TASK REQUIREMENTS: Output begins at the line with "This page presents" and ends at the last line of the records below. Copy each line in that span exactly, and leave out pictures.

----------------------------------------

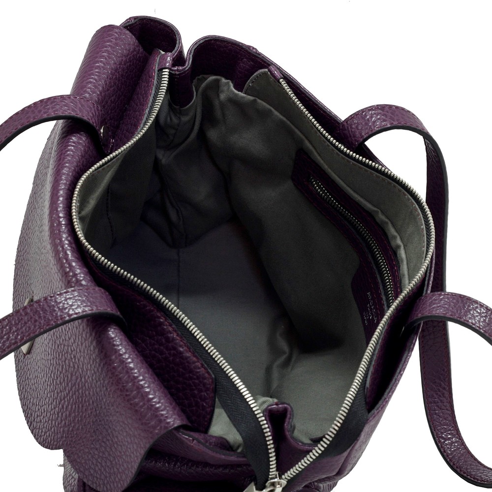 Geanta de dama Arcadia din piele naturala, cu un compartiment inchis cu fermoar, buzunare interioare multifunctionale pe captuseala, unul inchis cu fermoar, doua manere fixe din piele naturala, buzunar frontal inchis cu capac si accesoriu metalic si fermoar, accesorii argintii. Made in Italy
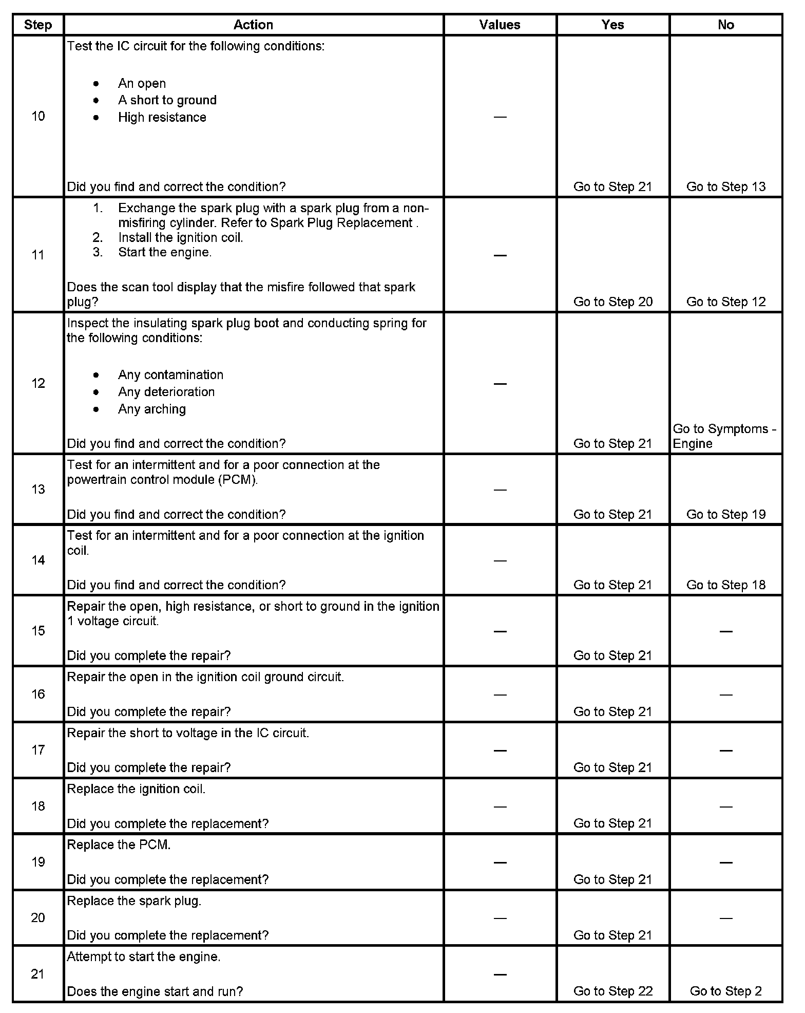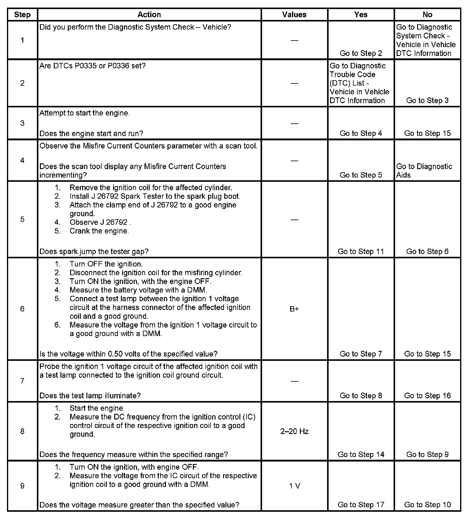 The number below refers to the step number on the diagnostic table.
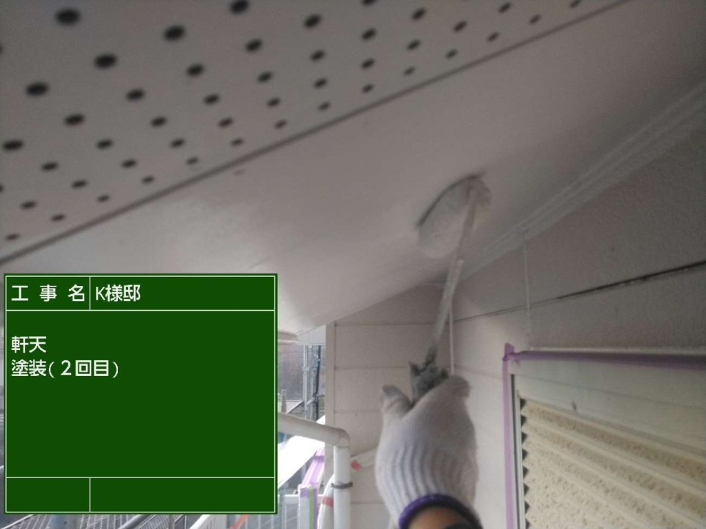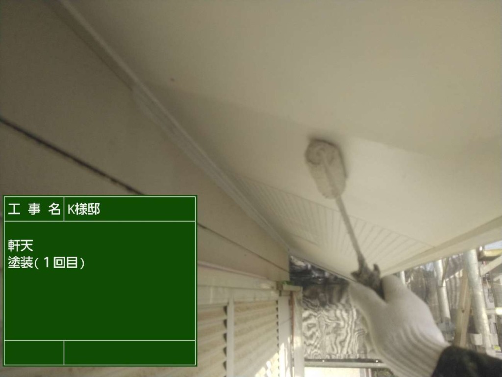 軒天中塗り 塗装は一般的に上から下に塗っていきます 養生が終わったら軒天塗装です
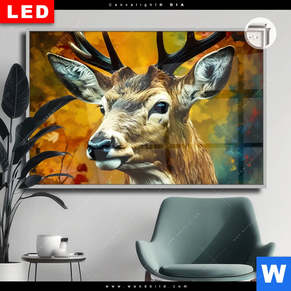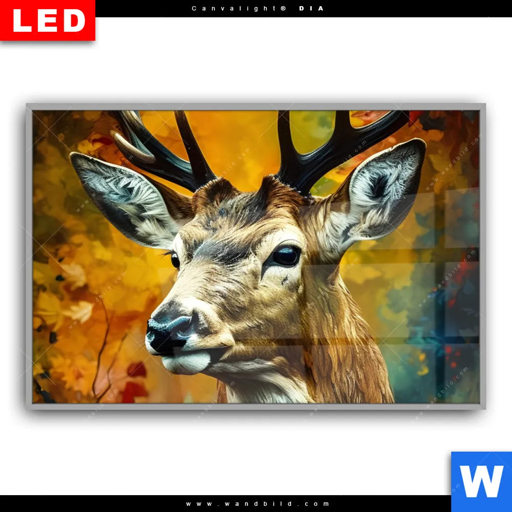 Canvalight® DIA Leuchtbild | Rothirsch im Herbstwald | Querformat
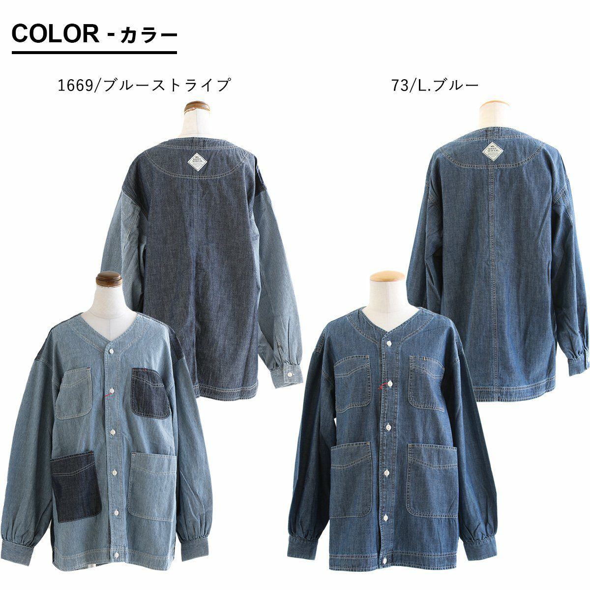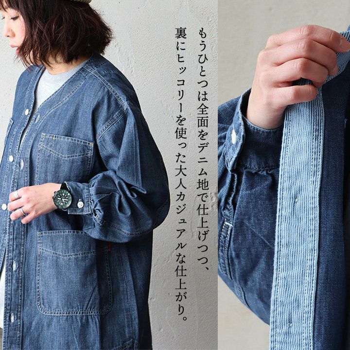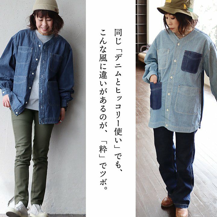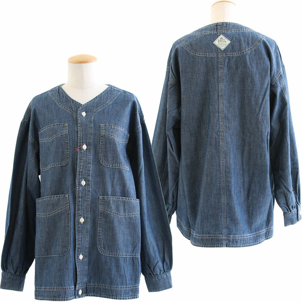 ヒッコリーとデニムの「粋」な使い方がツボ。 KRIFF MAYER クリフメイヤー カバーオール シャツ デニムシャツ レディース Vネック 切り替え リメイク風 ヒッコリー ストライプ デニム 綿100% しっかり生地 ポケット付き 春 カジュアル ヴィンテージ アメカジ パティ
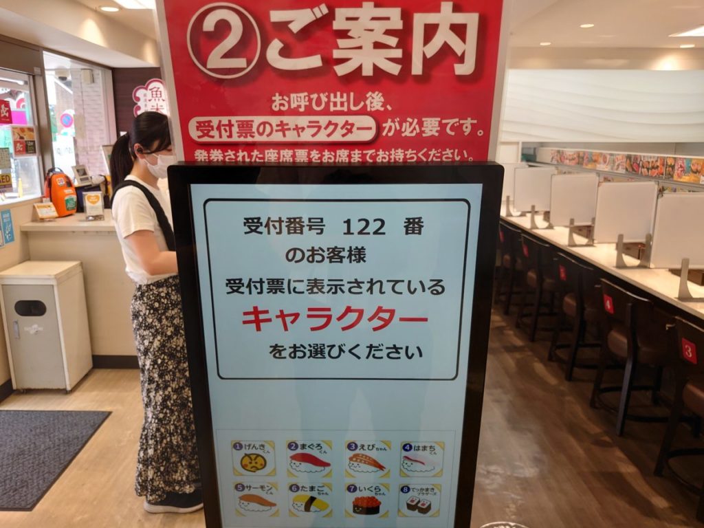 キャラクターをタッチして座席票兼会計用伝票を受け取って、指定された座席へと向かいます。
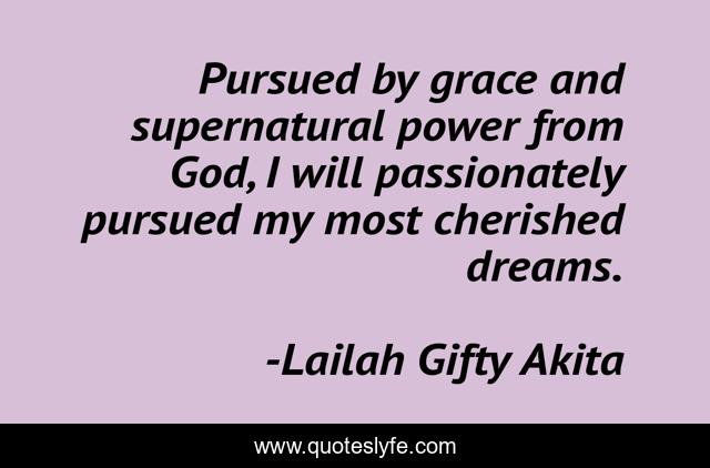 This page presents the quote "Pursued by grace and supernatural power from God, I will passionately pursued my most cherished dreams.". Author of this quote is Lailah Gifty Akita. This quote is about passionate-people, gods-will, passionate-woman, power-of-thoughts, passionate-living, dreams-inspirational, grace-of-god, passions, grace,.
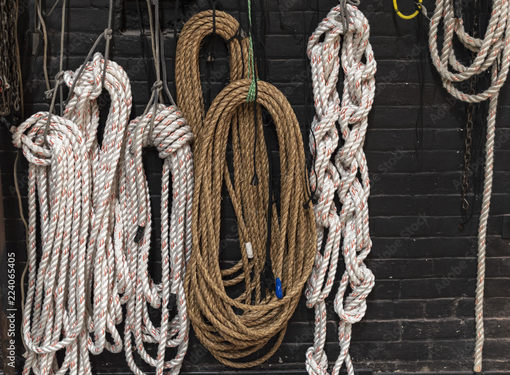 ropes hanging on a wall

----------------------------------------

RESPONSE:
 This page presents the quote "Pursued by grace and supernatural power from God, I will passionately pursued my most cherished dreams.". Author of this quote is Lailah Gifty Akita. This quote is about passionate-people, gods-will, passionate-woman, power-of-thoughts, passionate-living, dreams-inspirational, grace-of-god, passions, grace,.
 ropes hanging on a wall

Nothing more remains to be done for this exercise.